This paper reports the development of SAHL-S&E, designed to provide a comparable test of health literacy for Spanish-speaking and English-speaking populations. Results show that the instrument has good validity and reliability. Guessing does not appear to be a concern if clear instruction is given before the test. The instrument contains only 18 items and is easy to administer. We estimate that the administration would take only 2–3 minutes and require minimal training. (The Spanish and English version of SAHL-S&E and the user guides are included in the Appendix.) A rather high cutoff point is found for low health literacy (≤14), suggesting that the SAHL-S&E is particularly useful for identifying individuals with low health literacy. The test information function confirms that the instrument is highly reliable at the lower range of scores.
In validating the instrument, we found that SAHL-S had a higher correlation with SAHLSA than with Spanish TOFHLA. Similarly, the correlation between SAHL-E and REALM was higher than that between SAHL-E and English TOFHLA. The findings may reflect the fact that the design of SAHL-S&E, essentially a word recognition test of reading ability, is the same as SAHLSA and similar to REALM. We also found that the resulting instrument had a lower correlation with years of schooling in the Spanish-speaking sample. There are two plausible explanations. First, in comparison with education experience of English speakers, Spanish speakers, whose education was obtained in multiple countries and systems, may have more heterogeneous education experience. Second, although consistent with the standard testing in the U.S. education system, the format of the test (a pronunciation test and a multiple-choice test for comprehension) may be unusual for Spanish speakers. In other words, Spanish-speaking respondents in our sample, compared with English-speaking respondents with the same level of formal schooling, may be less familiar with the multiple-choice format of the test and thus have a poorer performance on the test.

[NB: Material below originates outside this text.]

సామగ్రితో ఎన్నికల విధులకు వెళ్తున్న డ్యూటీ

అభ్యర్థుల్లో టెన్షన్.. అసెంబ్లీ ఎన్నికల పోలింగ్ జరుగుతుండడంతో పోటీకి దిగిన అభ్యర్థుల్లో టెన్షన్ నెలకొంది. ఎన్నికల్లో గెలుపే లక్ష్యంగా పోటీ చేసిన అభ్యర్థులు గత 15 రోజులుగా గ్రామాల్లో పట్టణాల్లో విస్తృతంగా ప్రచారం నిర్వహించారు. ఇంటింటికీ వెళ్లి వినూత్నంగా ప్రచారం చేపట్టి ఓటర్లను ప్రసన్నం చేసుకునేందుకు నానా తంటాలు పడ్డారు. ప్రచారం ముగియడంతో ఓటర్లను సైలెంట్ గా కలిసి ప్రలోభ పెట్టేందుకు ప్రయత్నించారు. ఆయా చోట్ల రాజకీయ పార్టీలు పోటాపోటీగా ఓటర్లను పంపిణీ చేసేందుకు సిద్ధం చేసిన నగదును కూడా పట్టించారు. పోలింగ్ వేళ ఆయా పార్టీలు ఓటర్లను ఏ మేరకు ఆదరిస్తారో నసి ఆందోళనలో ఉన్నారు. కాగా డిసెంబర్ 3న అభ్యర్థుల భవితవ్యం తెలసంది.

Several limitations are worth noting. The instrument was developed based on standard, “dictionary” Spanish and English. Further testing of the instrument may be needed in different Spanish- and English-speaking subpopulations who are accustomed to using different idiomatic expressions. As with other health literacy instruments such as TOFHLA and REALM, SAHL-S&E is a reading test. It assesses specifically an individual's reading skill in the health care context. The design is based on the assumption that reading ability is a basic literacy skill, without which patients would have difficulty functioning in and negotiating the health care system. However reasonable the assumption is, it should be noted that the instrument does not capture other skills such as numeracy and interpersonal communication that may also be important in health care. Furthermore, similar to prior instrument development studies, our study did not include a random, representative sample of Spanish speakers and English speakers in the community. The clinic-based participants recruited for the study may be more receptive to a health literacy test. What kind of difficulties may arise in applying the SAHL-S&E to a community-based sample remains to be evaluated. Finally, as we have noted, the instrument is particularly suitable for identifying individuals with low health literacy. For individuals with a >14 score, the instrument may not be sensitive enough to distinguish different health literacy levels.

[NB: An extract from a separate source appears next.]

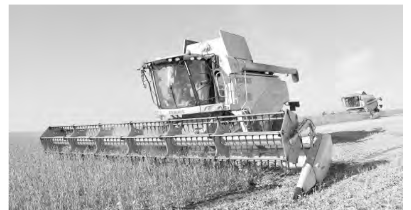
АПК региона и муниципалитетов работает на «отлично».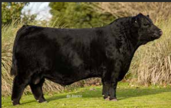
PICANTE Batacazo - T.M. A766 - SAV Resource

Despite these limitations, the instrument is robust and has several practical applications. First, unlike other instruments, the comparability between the Spanish and English versions of the instrument is established through rigorous psychometric evaluation. It offers a reliable way to assess and compare the level of low health literacy between Spanish and English speakers.
Second, the instrument may be used to screen for individual health literacy level in public health and clinical settings that serve a high concentration of English-speaking or Spanish-speaking patients or a mixed patient population. Being able to identify patients with low health literacy can alert health care providers to the possibility that these patients may have difficulty with printed educational materials, communicating their symptoms to physicians, or following medical instructions (Bass et al. 2002
; Chew, Bradley, and Boyko 2004
; Institute of Medicine 2004
;). Increased awareness among health care practitioners of the special health and personal needs of low health literacy patients may help reduce the level of linguistic complexity used in provider–patient communications, thus preventing serious medical errors due to misunderstanding. This, in turn, has the potential to improve quality of care and reduce health care cost. These potential advantages asides, the value of health literacy screening may still be debatable because of concerns about patient stigmatization and embarrassment (Parikh et al. 1996
; Wolf et al. 2007
;). Two recent studies suggest that patients are not adverse to health literacy screening if protection of personal information is exercised (Ryan et al. 2008
; VanGeest, Welch, and Weinber 2010
;). However, more research is needed to assess the conditions under which health literacy screening may be appropriate in clinical settings.
Third, the instrument could be used to assess the level of health literacy in local communities. The information could be used to guide the design of appropriate health educational materials (written and/or multimedia) or for devising community intervention programs that are comparable with the health literacy level of the local population (Brandes 1996
; Davis et al. 1998
Finally, a comparable health literacy instrument for Spanish and English speakers would facilitate comparisons in research. Instead of stratifying subjects on language in health literacy research, researchers could combine samples and use SAHL-S&E to identify those with low health literacy in their analysis.